Пачеко, страшно зарычав, стал рассказывать дальше:
- Я убежал из-под виселицы ни жив, ни мертв. Потащился сам не зная
куда, наконец встретил путников, которые сжалились надо мной и отвели меня
к Вента-Кемаде. Я застал трактирщика и слуг моих в большой тревоге о моей
судьбе. Спросил у них, действительно ли отец мой провел ночь в деревне
поблизости. Они ответили, что никто из моих родных пока еще не приезжал.
Я больше не в силах был оставаться в Вента-Кемаде и вернулся в Андухар.
Приехал я туда уже после захода солнца; трактир был полон народа, и мне
постелили на кухне. Я лег, но напрасно старался заснуть: мерзости минувшей
ночи не выходили у меня из головы. Я поставил на кухонном очаге зажженную
свечу, но она вдруг погасла, и я почувствовал, что кровь стынет у меня в
жилах от смертельного ужаса. Что-то начало тянуть мое одеяло, и я тотчас
услышал тихий голос, говорящий такие слова:
- Это я, Камилла, твоя мачеха. Я дрожу от холода. Милый Пачеко, пусти
меня под одеяло.
- Это я, Инезилья, - перебил другой голос, - позволь мне лечь к тебе.
Мне тоже холодно.
И я почувствовал, как холодная рука гладит меня по подбородку. Собрав
все свои силы, я крикнул:
- Отойди от меня, сатана!
На это оба голоса по-прежнему тихо ответили:
- Как? Ты нас гонишь? Ведь ты - наш муж! Нам холодно, мы разведем огонь
в печи.
В самом деле, вскоре в очаге занялось легкое пламя. Когда немного
посветлело, я открыл глаза и увидел уже не Камиллу и Инезилью, а двух
братьев Зото, висящих над очагом.
При этом страшном зрелище я чуть не лишился чувств. Вскочил с постели,
выпрыгнул прямо в окно и бросился бежать в поле. Через несколько мгновений
я подумал, что счастливо отделался от ужасных призраков, но, обернувшись,
увидел, что висельники гонятся за мной. Я пустился со всех ног вперед и
вскоре оставил висельников далеко позади. Но радость моя недолго длилась.

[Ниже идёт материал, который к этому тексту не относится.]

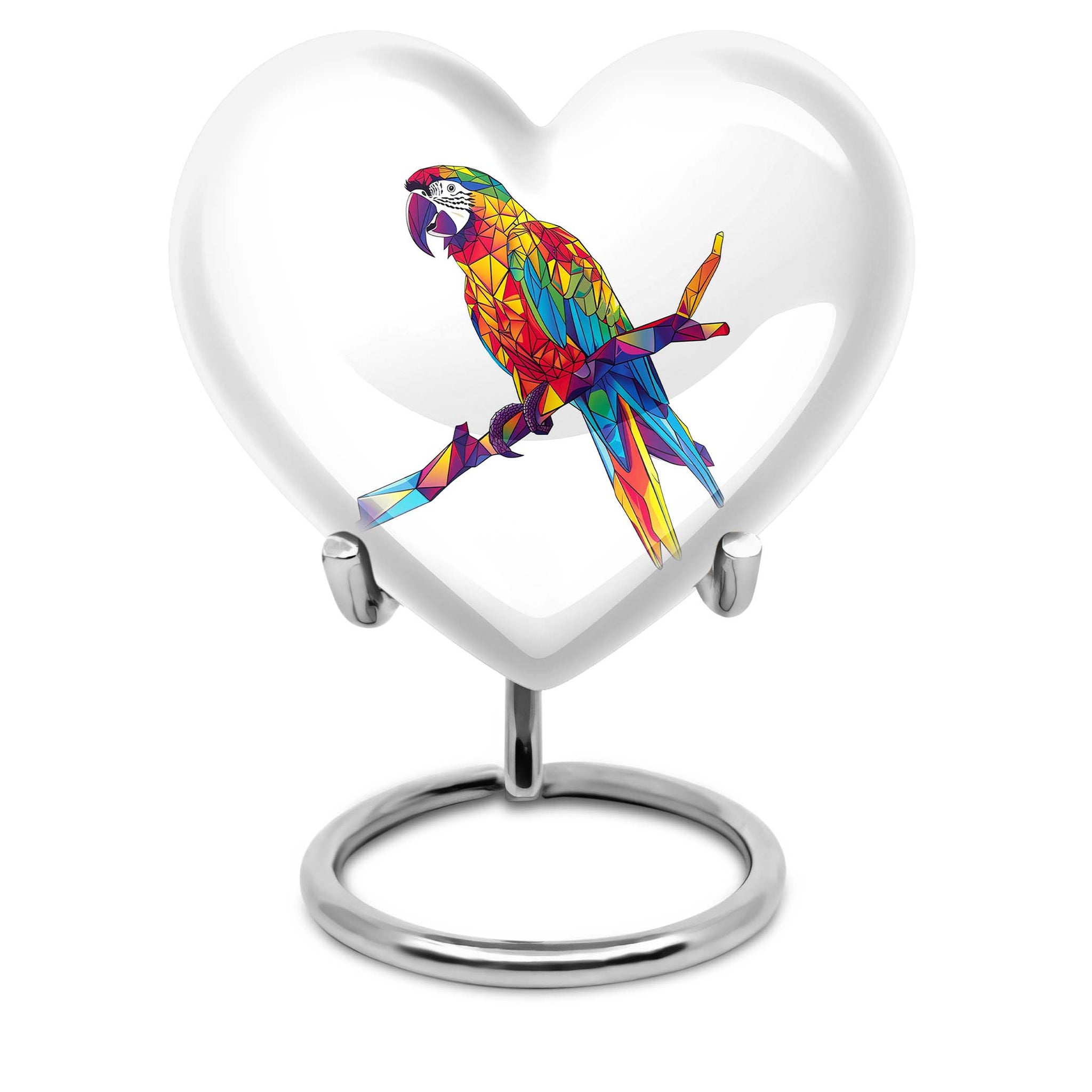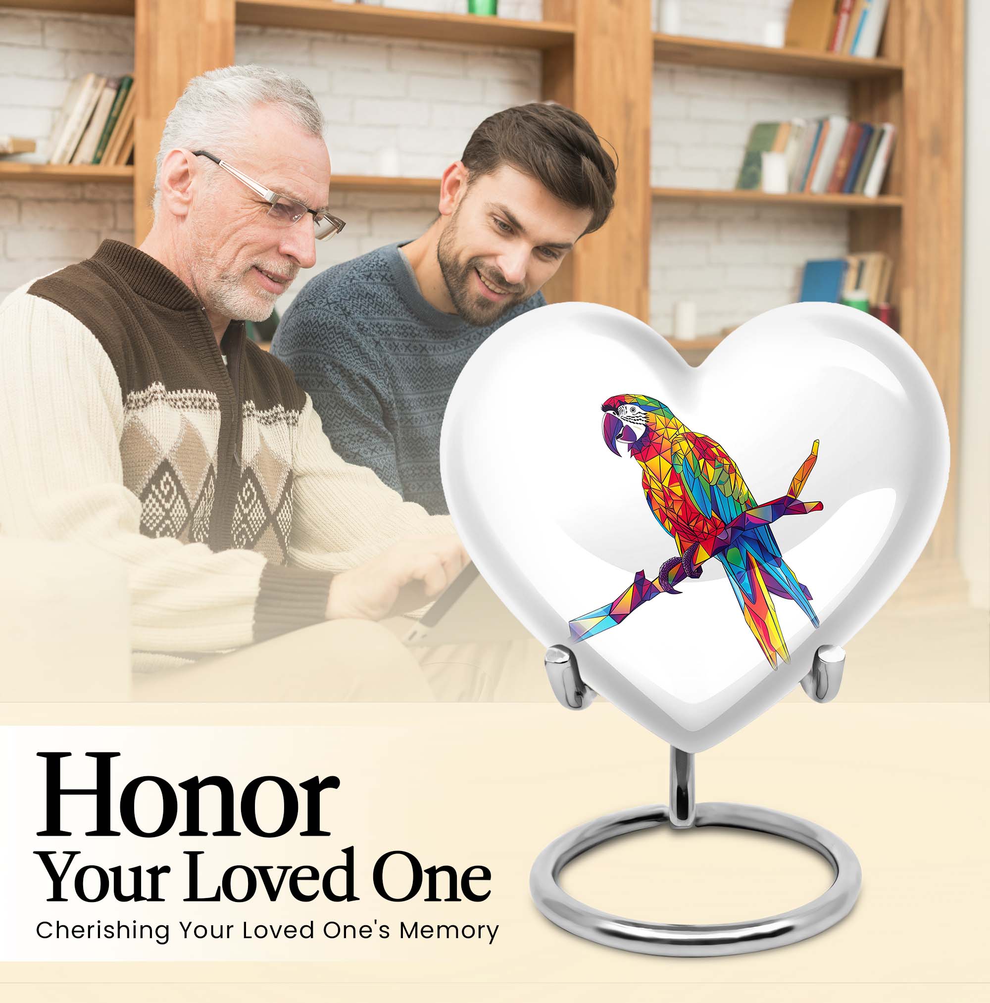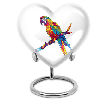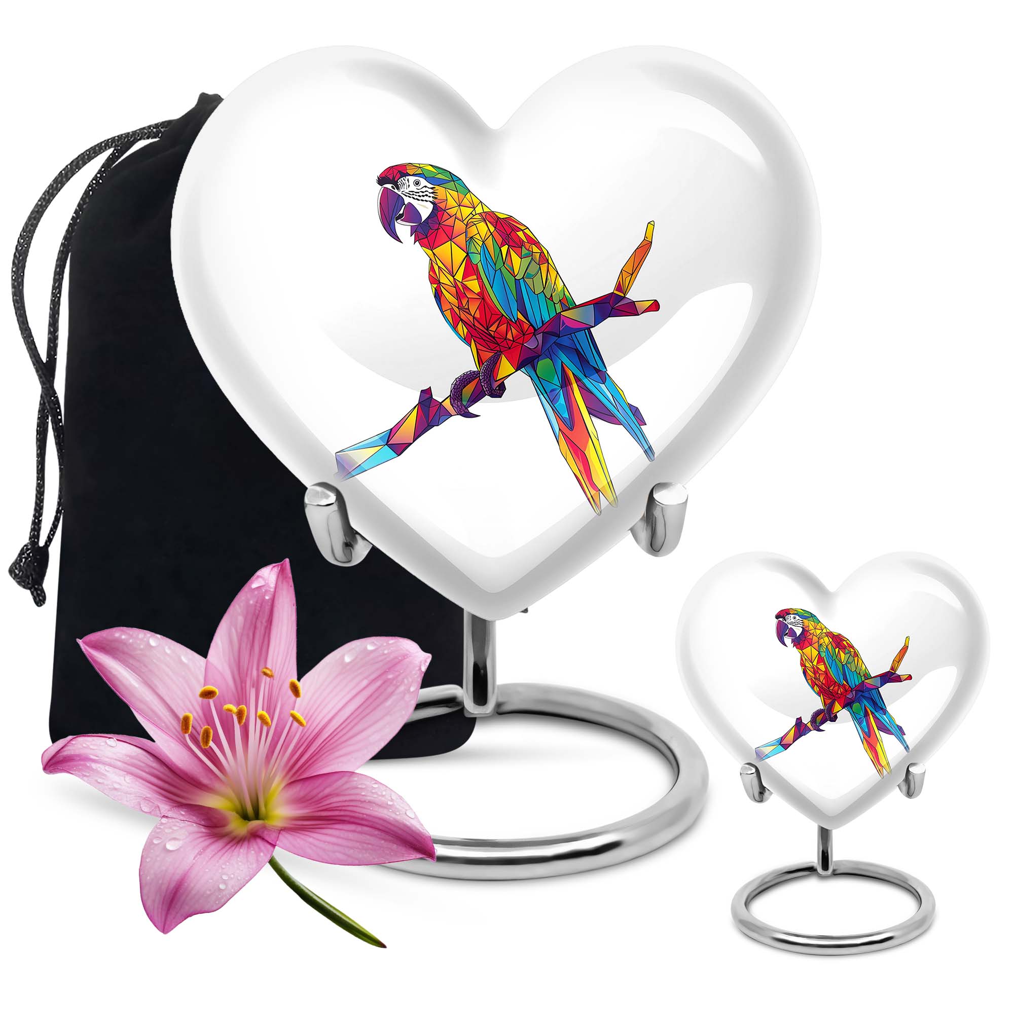 Celebrate the memory of a loved one with our sophisticated and dignified Macaw Parrot Urn. Perfectly sized at a height of 10 inches, this substantial yet delicately weighted at 3.3 pounds, cremation funeral urn carefully stores ashes in a respectful and honorable way. Rendered in a durable aluminium material, the Wolf Howling theme expresses reverence and admiration. The urn comes with a soft velvet pouch for the safekeeping and transportation of the ashes. This cremation urn has a sizable capacity of 200 cubic inches, making it suitable as a large urn for ashes. Complement the urn with your personal touch, as it can be customized with engraved names, adding a personalized token of remembrance. Our Macaw Parrot Urn is a fitting tribute for remembering and honouring a cherished individual. It's more than just a funeral decorative urn, it is a symbol of lasting love and remembrance.

Гнусные создания пошли колесом, пустив в ход руки и ноги, и в одну минуту
догнали меня. Я попробовал было убежать, но в конце концов силы мои
иссякли.
Вдруг я почувствовал, что один из повешенных схватил меня за левую
лодыжку; я хотел ее выдернуть, но тут второй встал мне поперек дороги.
Остановился, вытаращил на меня свои страшные глаза и высунул красный, как
раскаленное железо, язык. Я стал просить пощады - напрасно. Одной рукой он
схватил меня за горло, а другой - вырвал вот этот глаз, - до сих пор рана
никак не заживет. Потом всунул в пустую глазницу свой раскаленный язык и
начал лизать мне мозг, так что я взревел от боли.
В то же время тот висельник, что схватил меня за левую ногу, стал
работать когтями. Сперва начал щекотать мне подошву; потом это адское
чудовище содрало с нее кожу, повытаскивало все нервы, очистило их от крови
и стало перебирать по ним пальцами, словно по струнам музыкального
инструмента. Но, видя, что они не издают приятных для него звуков, впустил
когти мне под колено, поддел связки и начал их подкручивать, точь-в-точь
как если бы настраивал арфу. В конце концов он принялся играть на моей
ноге, превратив ее в какое-то подобие гуслей. Я слышал его дьявольский
смех, и адские завывания сливались с моими пронзительными криками. Уши мои
раздирал скрежет окаянных: мне казалось, что они разрывают зубами все
фибры моего тела; в конце концов я лишился чувств.
Утром пастухи нашли меня в поле и принесли сюда. Я исповедался в грехах
и у подножия алтаря нашел некоторое облегчение своим страданиям.
Сказав это, одержимый страшно зарычал и умолк. Теперь заговорил
отшельник.
- Убедился, юноша, в могуществе сатаны, так молись и плачь. Но время
уже позднее, нам пора разойтись. Я не предлагаю тебе на ночь своей кельи,
- обратился он ко мне, - там крики Пачеко не дадут заснуть. Лучше ляг в
часовне; крест обережет тебя от злых духов.
Я ответил отшельнику, что лягу, где он укажет. Мы внесли в часовню
походную койку, и отшельник удалился, пожелав мне доброй ночи.
Оставшись один, я начал перебирать в памяти рассказанное Пачеко. На
самом деле, его история в некоторых отношениях напоминала пережитое мной
самим; когда я раздумывал над этим, пробило полночь. Не знаю, звонил ли
отшельник в колокол, или это прозвучал дьявольский сигнал. Потом я
услышал, как кто-то скребется в дверь. Я привстал и спросил:
- Кто там?
Тихий голос ответил мне:
- Нам холодно... открой... это мы... твои милые.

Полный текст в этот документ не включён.